The club put on dinner theater productions, and we were the opening act. We also got to play small roles in their shows, including West Side Story. Then I got a real opportunity: to write the score to an original production based on the life of Sally Hemmings, the slave who had a long term relationship with Thomas Jefferson and bore some of his children.

The night before I was to present what I had done with the main song of Act 1 I stayed in the club to write. There I was, all alone at the piano, with half empty champagne glasses and overflowing ashtrays as companions while the hours ticked away.

I couldn't finish the song! Overcome with anxiety, I lay down on a couch to relax. Then it hit me: I didn't have to finish the song. I didn't even have to have any talent whatsoever! I realized that my love for music was pure; if I wasn't going to be one of those who could advance the art in any significant way I would always be there to receive the treasures that others were able to mine.

That thought freed me. I finished the song, which has attractive elements for me to this day, and since then have never been bothered when I couldn't come up with an idea. I just relax and play someone else's music or listen to a record or read.

GE: What do you do to unwind?

Gary Eskow: I took up the game of tennis at the age of 39 and play as often as I can. I hit the weights several times a week, run and play basketball as well.

GE: Some respected artists have had nice things to say about your music, but almost no one knows you as a composer. Why?

Gary Eskow: I wish my work had reached a wider audience by now, but looking for one has never been very important to me. I like to make records, but they can be costly, and performances don't interest me all that much. I like to write!

As you said earlier, I've only won one competition. My song Noon, from Winter On The River, a cycle I wrote on some William Meredith poems, took first place in the Diana Barhart American Song Competition in 2001. But I've only entered three competitions in my life.

GE: What are your strong points as a composer?
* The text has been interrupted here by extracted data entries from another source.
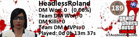 [URL=http://GTAonlinestats.com/showplayer/HeadlessRoland][IMG]http://GTAonlinestats.com/dmsignature/HeadlessRoland/sig.png[/IMG][/URL]
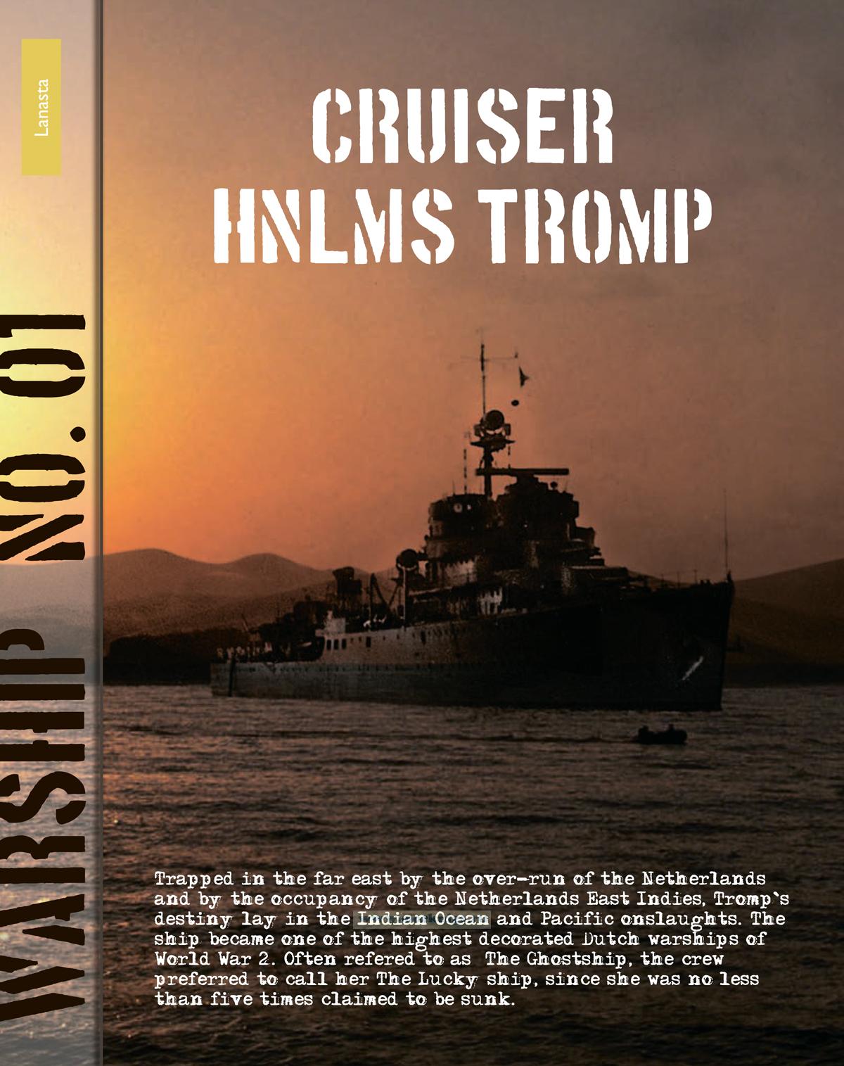 Trapped in the far east by the over-run of the Netherlandsand by the occupancy of the Netherlands East Indies, Tromp`s destiny lay in the Indian Ocean and Pacific onslaughts. The ship became one of the highest decorated Dutch warships of World War 2. Often refered to as ‘The Ghostship, the crew preferred to call her The Lucky ship, since she was no less than five times claimed to be sunk.
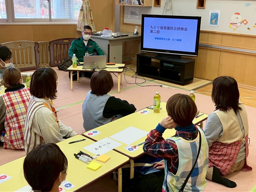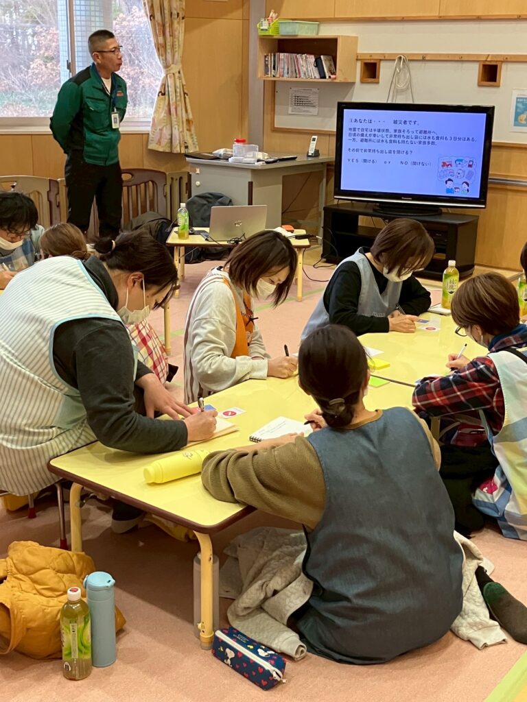 12月8日に青森県東方沖地震があり加えて後発地震注意情報が発令されている中での研修会でしたので、職員の皆さんには高い関心を持って参加いただきました。災害対応を「自分事」として捉え、災害に対し備えることの重要性、考えるだけではなく行動に移すことの大切さを共有でき、また園児たちの安全をどう確保するか、そのために今後関係機関や保護者とどう連携を構築するかといった「園児ファースト」に基づいた活発な意見交換がされ、とても有意義な研修となりました。
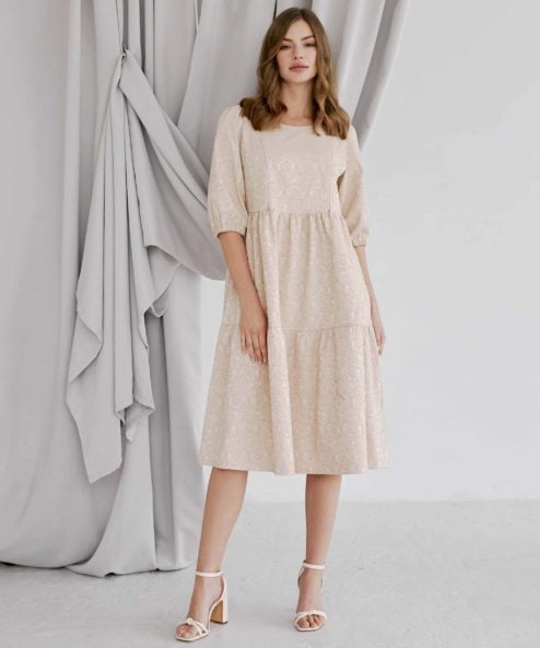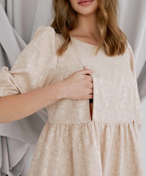 Бежевое платье для будущих и кормящих мам Cloud
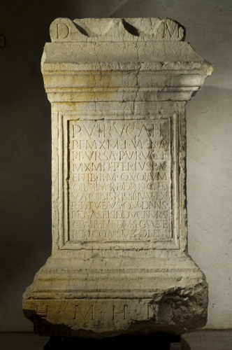 Questa iscrizione rende conto di una somma di denaro stanziata per la perpetuazione di omaggi funerari, con la particolare nota conclusiva secondo la quale il sepolcro doveva considerarsi esclusivo, e non poteva dunque essere trasmesso ai figli. Il lascito è disposto per il collegium nautarum Veronensium Arilicae, dai due fratelli dedicanti in memoria dei genitori. Questo collegio, che aveva sede a Peschiera, era costituito da Veronesi e, al pari del Collegium Nautarum Arilicensium, si occupava del transito di merci via lago e via fiume. Attestazioni relative ad analoghi collegi si hanno, per esempio, anche per Como, Mantua o Ticinum. Si segnala nel testo un costrutto arcaizzante, cibos ponendum, in r. 11, che testimonia il frequente ricorso a formule di questo tipo specie nel linguaggio giuridico, ancora all'epoca in cui fu posta l'iscrizione. Altro arcaismo è il secus in luogo di secundum, in r. 11. Quanto all'onomastica, "Virucate" ha riscontri in territorio ligure. Il latino di questa iscrizione non appare molto rigoroso, ma rende conto di usi correnti dal sec. III in poi nell'Italia settentrionale. Le osservazioni relative al lessico e alle fondazioni ricordate, inducono a collocare cronologicamente l'ara tra la seconda metà del sec. II d.C e il sec. III d.C. Per ulteriori ragguagli si rimanda alla bibliografia.
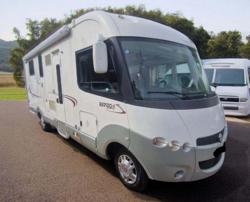This 2011 Fiat Ducato Rapido Le Randonneur 9090DF presents as a 4-berth left-hand drive motorhome with a 2.3L engine and 6-speed manual transmission, showing 48,847 miles. Vendor notes confirm a fixed island bed layout and optional features including air conditioning, reverse camera, satellite navigation, Bluetooth handsfree connectivity, and a night heater. Additional amenities include onboard water tanks, solar panels, and a rear storage compartment, complemented by Fiamma locks, a canopy, and a tow bar. This motorhome has had a single owner from new, with mileage verified as consistent across the seven years of tracked history, equivalent to approximately 740 miles per year since registration, suggesting light-duty use. The vehicle has 8 MOT tests on record, with the current MOT valid. Vehicle history checks confirm no outstanding finance, no accident write-offs, and no reports of theft. The low ownership and consistent mileage progression are noted positives based on historical records. Finance is clear, with no outstanding finance recorded.
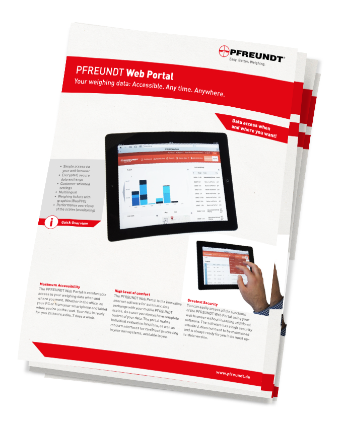 Pfreundt Webportal er en innovativ, nettbasert programvare, som overfører data automatisk fra dine mobile Pfreundt-vekter. Som bruker har du alltid full kontroll over veiedataene dine. Webportalen gjør det mulig å gi deg individuell statistikk og rapportering med moderne grensesnitt. Data kan også overføres til eksterne systemer.
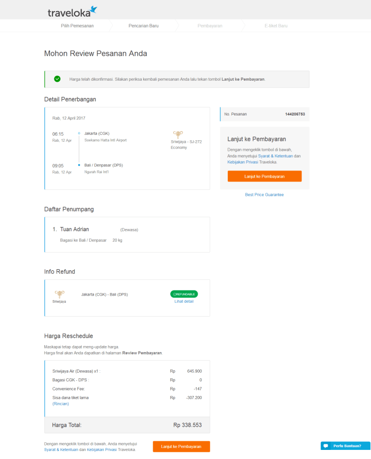 Abis itu tinggal tunggu tiket baru yang dikirim via email dan Traveloka App deh. That simple!
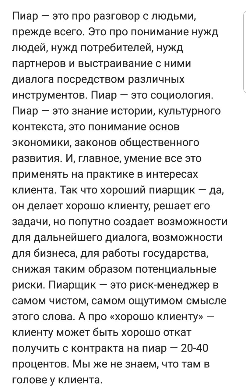 Интересное интервью для ленты от авторов анонимного канала "Беспощадный пиарщик" @prbezposhady на тему кризиса PR среди чиновников. Ну и о том, когда закончится эра глупых высказываний. Мне особенно понравилась вот эта мысль 👌

Gary Eskow: Harmony and counterpoint are often taught as if they were separate elements of the composer's craft, but genuine style comes when a writer weaves the two together in a unique manner. There are pieces of mine that show an individual voice, I think, in this regard. But my greatest strengths are determination and the ability to stay fresh. I love good ideas wherever they come from- you, me, or the guy next door. If I think I'm on to something I'll work as long as it takes to get the idea on paper.

When I was a kid my family used to vacation on Fourth Lake, which is about 50 miles from Utica. One of the Fulton Chain of Lakes, which were the setting of Dreiser's American Tragedy, Fourth Lake has a population of about 300 people and a timeless quality about it. I must have been about nine one summer when our family friend Marty Abelove decided to teach me and my pal Robbie Lipnick to water ski. Robbie got up quickly, but I couldn't get the hang of it.

At first everyone was impressed and amused by my unwillingness to throw in the towel. Then the sun started to drop and the adults all wanted to have a highball, but I wouldn't let Marty go until I got up and around the lake.

Sometimes I feel like I'm still in the water, with a rope between my legs, determined to make it to my feet before the sun goes down.